## TASK DESCRIPTION
Copy out, from the data below, each line in which the word "Pietroburgo" occurs.

## Collection entries
------------------------------
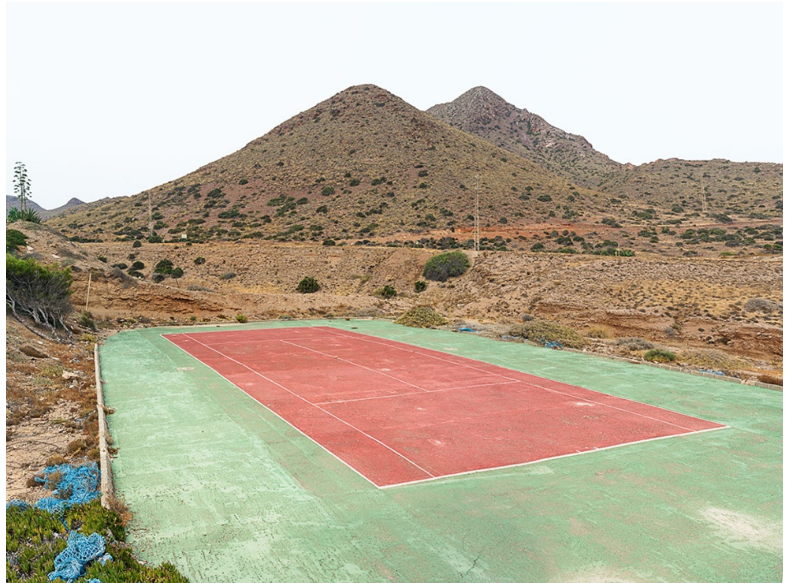
TENNIS (Almería) 2016 Impresión digital directa con tintas UV s/ dibond Edición 5 ejemplares 90 x 120 cm
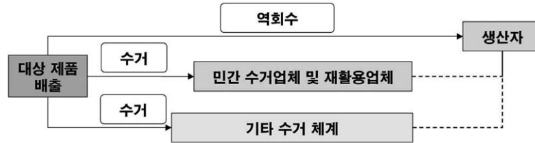
그림 1. 자발적 협약대상제품의 선정기준으로 배출된 폐기물의 수거경로

둘째, 재활용 기술과 재활용률의 기준이다. 자발적 협약 대상 품목으로 선정되기 위해서는 재활용률이나 수거율 또는 출고량 대비 발생 비율과 같은 재활용 관련 통계와 재활용 기술의 존재, 재활용 용도나 기술 현황, 재활용업체 현황 등이 제시되어야 한다. 재활용률 현황은 기존 재활용 의무율을 설정하기 위한 기초 자료로 활용되며 재활용업체 현황은 실제 재활용 달성 여부를 점검 또는 확인하기 위해서 필요하다. 자발적 협약 대상 품목은 기술적으로 재활용이 가능한 제품임이 증명되어야 하며, 재활용 용도는 물질 재활용의 방법을 통해再生资源 및 타제품의 원료를 생산하는 경우로 한다. 또한 일반 소각이 아닌 RPF(플라스틱 고형연료)를 생산해 연료로서 재활용한 실적에 한해서는 에너지회수 용도로의 활용을 제한적으로 인정할 수 있다.
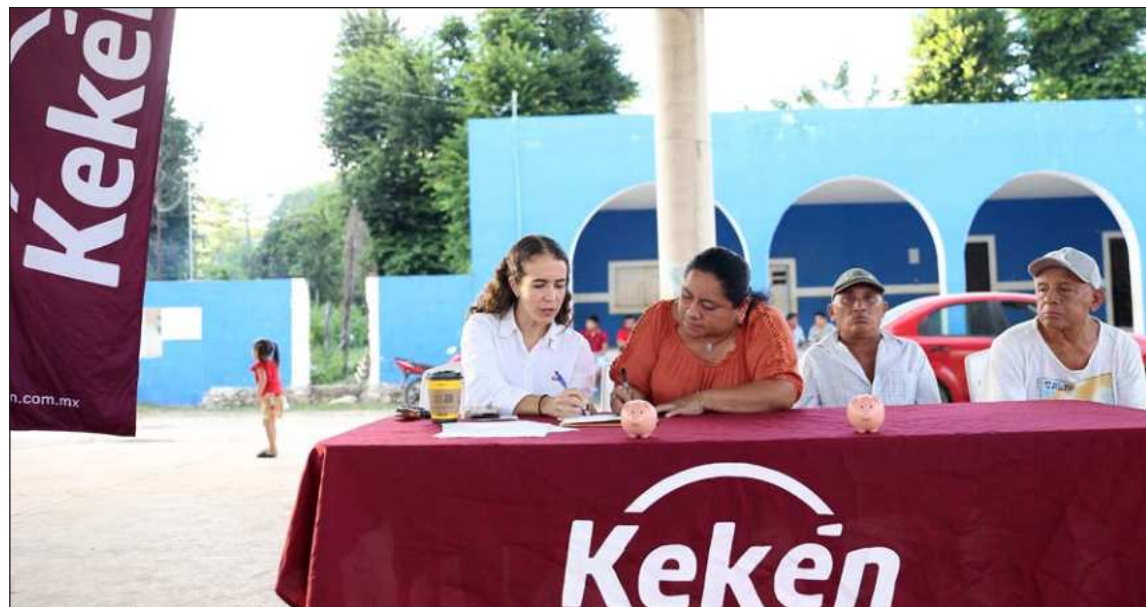
▲ Empresa agroalimentaria y comisaría de Cantamayec renuevan trabajo colaborativo con acciones sociales en la región en beneficio de agricultores, atención a la salud de niños y adultos mayores, entre otras.
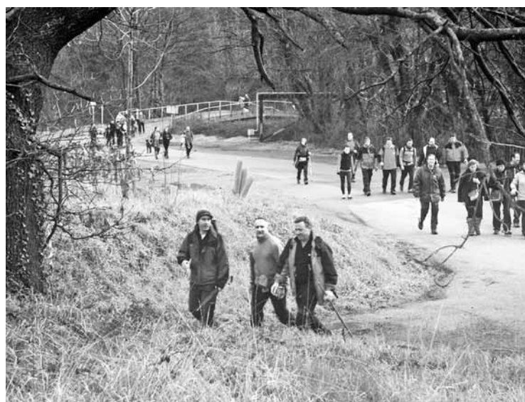
Urtero jende askok parte hartzen du ibilaldian.

Handik, berriro Abadiñorantz abiatuko dira. Lebarioko industriagunetik Zalloizera heldu eta Gazteluko ur depositura arte igoko dira. Han galtzada hartu eta Arrankurri, Santikurutz eta Untzilla igaroko dituzte. Mendilibarretik pasatu eta galtzadatik Txanportan amaituko dute ibilaldia, otordu batekin.
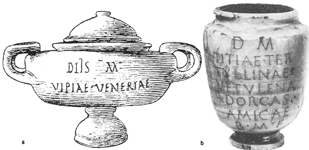
Figura. 6 a) Disegno della zuppiera C di Ulpia Veneria da Alessandria, attualmente dispersa (© Breccia 1914: 61 no. 12); b) foto di urna a vaso 'canopico' di Titia Tertyllina , San Pietroburgo, Ermitage (©Favaretto 1978: 100).

collezionista russo Shuvalov nel 1777 e da lì probabilmente finì all'Ermitage di San Pietroburgo, dove fu rintracciata dalla studiosa Irene Favaretto alla fine degli anni 70. 66
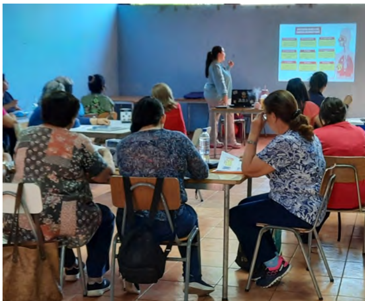
El curso cuenta con un equipo profesional que entrega la capacitación.
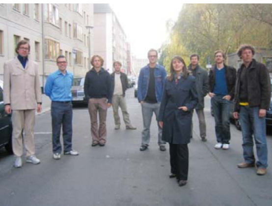
Das Kollektiv „Raumlabor“ begreift sich als ein offener „Wissens- und Ressourcenpool“. Für die einzelnen Aktionen wird mit verschiedenen Experten zusammengearbeitet
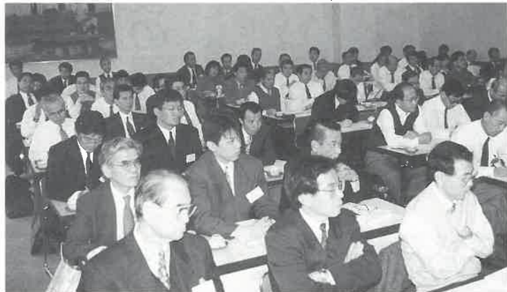
▼講演に集中して聴き入る参加者
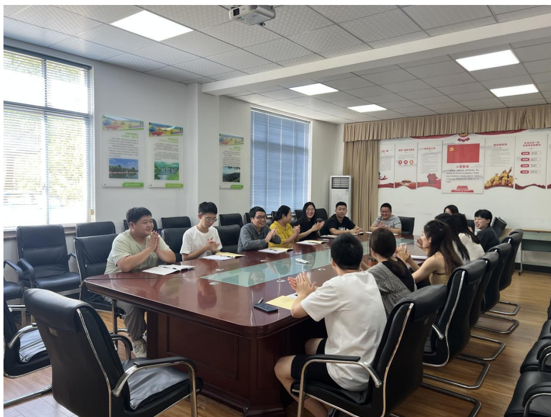
浙江宇翔职业技术学院网络经济系师德师风建设座谈会

岗，在课堂教学、新教师培养等环节发挥引领作用，紧扣支部建设和师德师风关键，以“头雁效应”凝聚教师骨干力量，带动全院教师师德师风建设提速提质。二是实施师德固本工程，引导教师严格遵守职业道德坚守师德底线，将师德标准融入到教师管理各个环节，在教师年度考核、岗位聘任、职称评审、评优奖励、访学进修等环节实行一票否决制。三是实施典型示范工程，营造尊师重教浓郁氛围，一方面通过校内选树最美教师、师德标兵、教书育人楷模等先进人物上，彰显师德典型，争取在学院齐心合力的推动下，积极推进各级各类优秀教师，树立师德典范。
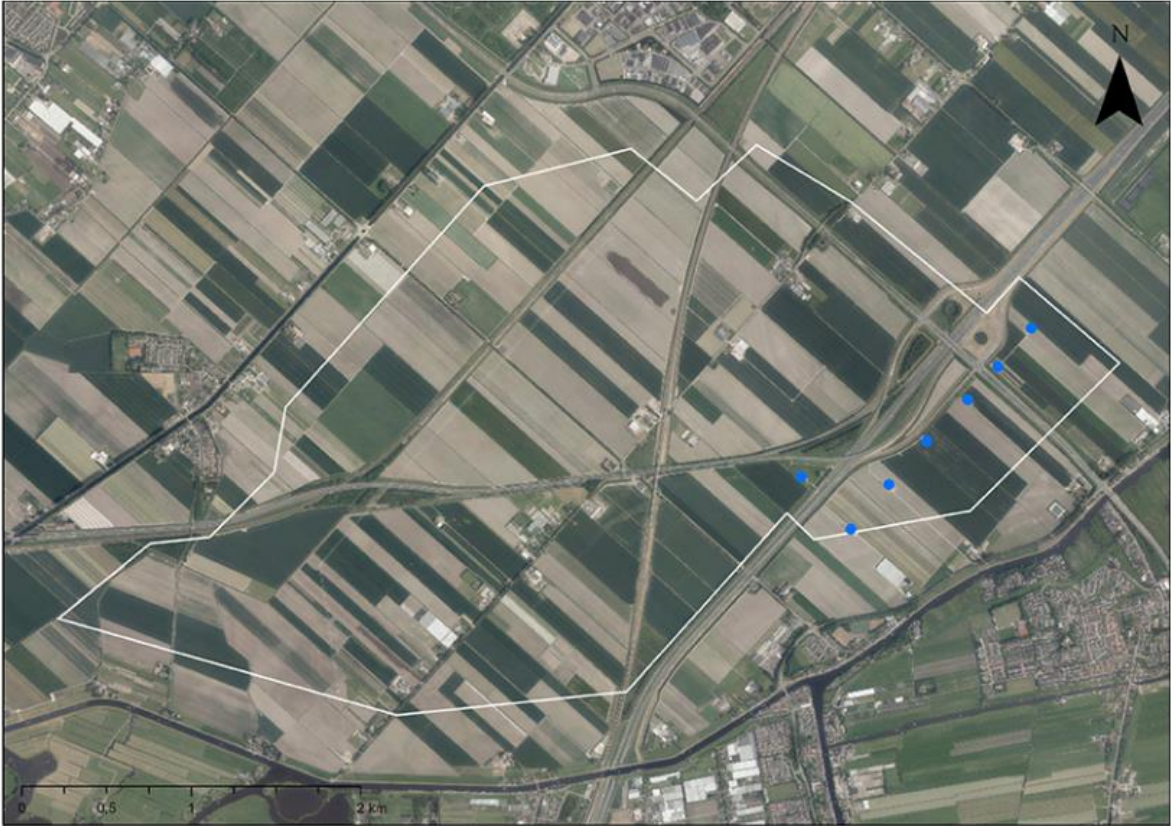
Scenario 1 Huidig
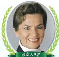
殿堂入り者 クリスティアナ・フィゲレス氏

外交官／前国連気候変動枠組条約事務局長 パリ協定の採択に尽力し、地球環境保全に関する世界的制度の成立や合意形成に貢献
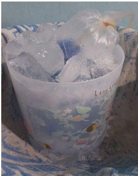
Menjaga suhu dengan batu es
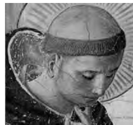
Canonización del Cura Brochero, Lourdes y Milagros Eucarísticos italianos
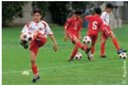
La MFA voue la plus grande attention au développement des jeunes footballeurs.
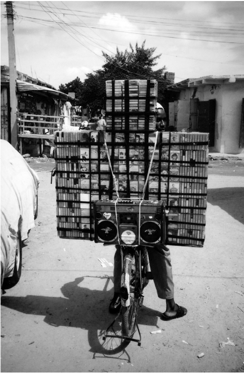
Abb. 9 Kassettenverkäufer, Kano

26 Christopher Waterman, Jùjú: A Social History and Ethnography of an African Popular Music , Chicago (Chicago University Press) 1990.
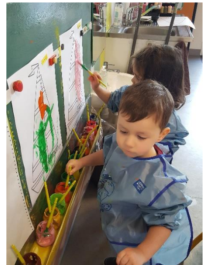
Peinture libre au chevalet
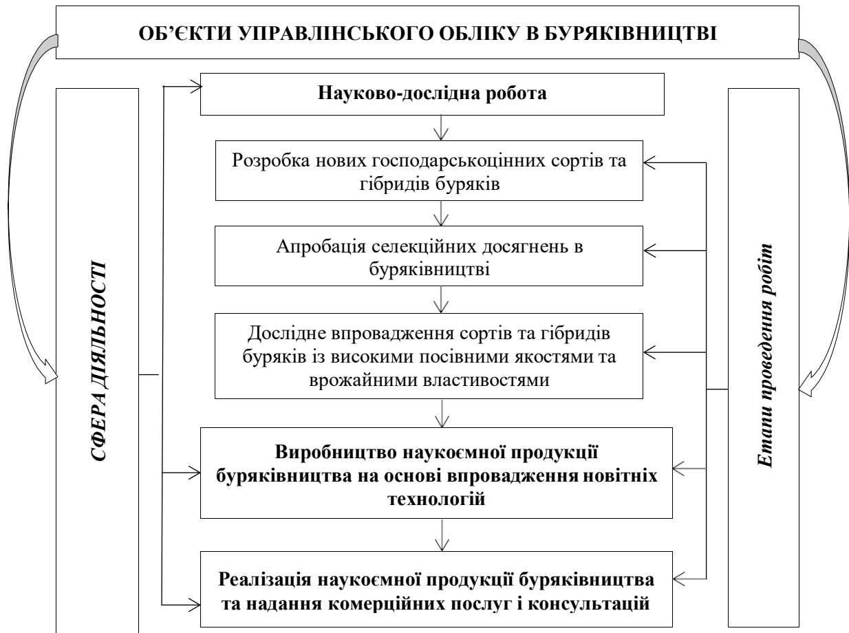
Рис. 5. Групування об'єктів управлінського обліку в буряківництві за сферами діяльності та за етапами проведення робіт установ та підприємств мережі ІБКіЦБ НААН
------------------------------
## ANSWER AREA
Figura. 6 a) Disegno della zuppiera C di Ulpia Veneria da Alessandria, attualmente dispersa (© Breccia 1914: 61 no. 12); b) foto di urna a vaso 'canopico' di Titia Tertyllina , San Pietroburgo, Ermitage (©Favaretto 1978: 100).
collezionista russo Shuvalov nel 1777 e da lì probabilmente finì all'Ermitage di San Pietroburgo, dove fu rintracciata dalla studiosa Irene Favaretto alla fine degli anni 70. 66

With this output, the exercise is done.